В 1780 году у Якоби состоялся исторический разговор с Лессингом в Вольфенбюттеле21. Разговор зашел о Спинозе. В течение многих лет философия Спинозы, казалось, исчезла из мира. Его имя звучало лишь в недоброжелательном контексте, как будто было опасно даже подозревать, что он заражен атеизмом. Но и Лессинг, и Якоби обнаружили его. Первый видел в нем союзника в борьбе за высший свет и более широкие взгляды, которую он вел в духе и с размахом, о которых едва ли догадывались те, с кем он обычно работал. Якоби, напротив, видел в нем олицетворение всех тех иррелигиозных тенденций, которые в той или иной степени проявляет вся философия: тенденцию завуалировать или отодвинуть на второй план Бога и личность. «Я верю, говорит Якоби, начиная разговор, в разумную личную причину мира». «Тогда я собираюсь, ответил Лессинг, услышать нечто совершенно новое»: и он сухо отбросил рапсодию другого о «личном внемирном божестве», заметив: «Слова, мой дорогой Якоби, слова». Работа Якоби «Письма о доктрине Спинозы» (она вышла в 1785 году) стала началом полемики, в которой приняли участие Мендельсон и Гердер, и в которой под опекой Гердера принял участие Гете. Для точного филологического изучения Спинозы она не внесла большого вклада: ведь тот Спиноза, которого Гердер и Гете считали своим духовным предком, в их мыслях преобразился в фигуру, которой Лейбниц имел почти равное право дать свое имя. Он поддерживал для них символ имманентности божественного в природе: он был лидером в борьбе с «обывательским» деизмом и утилитаризмом.

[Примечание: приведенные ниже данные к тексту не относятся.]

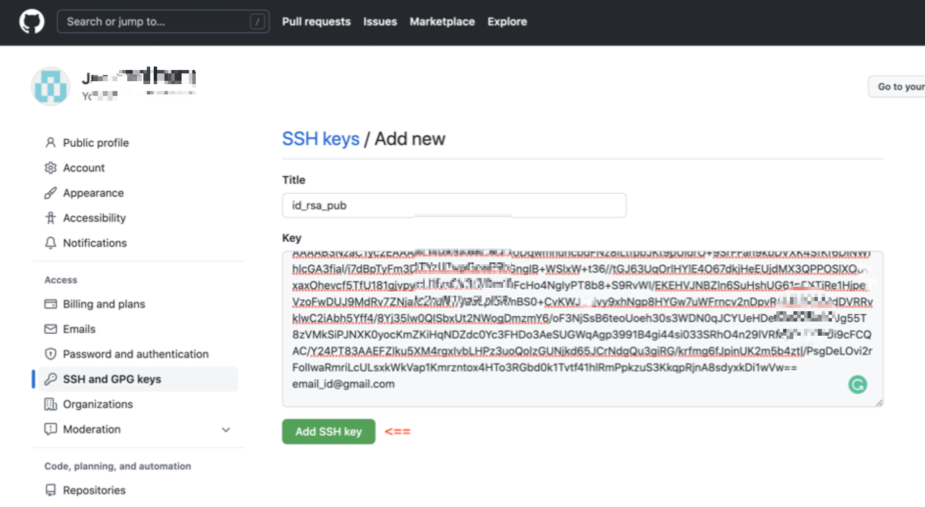 3. public key를 git hub에 등록

В кантовской критике псевдонаучности теологии Якоби, в общем-то, не было недостатка. То, что рассуждение своей демонстрацией не может обнаружить Бога, было для него аксиомой. Но «человек чувства» чувствовал себя неловко из-за язвительных методов кёнигсбергского логика. Ему казалось, что мир людей и вещей превращается под манипуляциями Канта в простое собрание явлений и идей разума. Еще больше он ощущал потерю своего Бога. Тот суррогат аргументов в пользу теизма, который Кант, казалось, предлагал в виде следствий нравственного закона, не давал того, чего хотел Якоби. Простая мораль это холодный и механический принцип, думал он, по сравнению с той бесконечной жизнью и любовью, которую, как мы считаем, мы имеем в Боге. Сын человеческий, считал он, в силу вселившегося в него гения совести был верховным над моральным законом: насколько же Абсолютное и Вечное выше по уровню бытия, чем его механические закономерности!
Если путь рассуждений не приведет нас к Абсолюту, тем более (а именно этого хочет достичь Якоби) к Богу, то должен быть другой путь: ведь что-то в человеке, что можно назвать Верой или Чувством, Духовным Ощущением или Разумом, провозглашает уверенность в реальности как Бога, так и природы. Существует объективная реальность, находящаяся вне его и за его пределами, до которой еще предстоит добраться смелым прыжком, когда он, усилием воли закрыв глаза на временное и механическое, окажется переброшенным через разделяющую пропасть в страну вечной жизни и любви.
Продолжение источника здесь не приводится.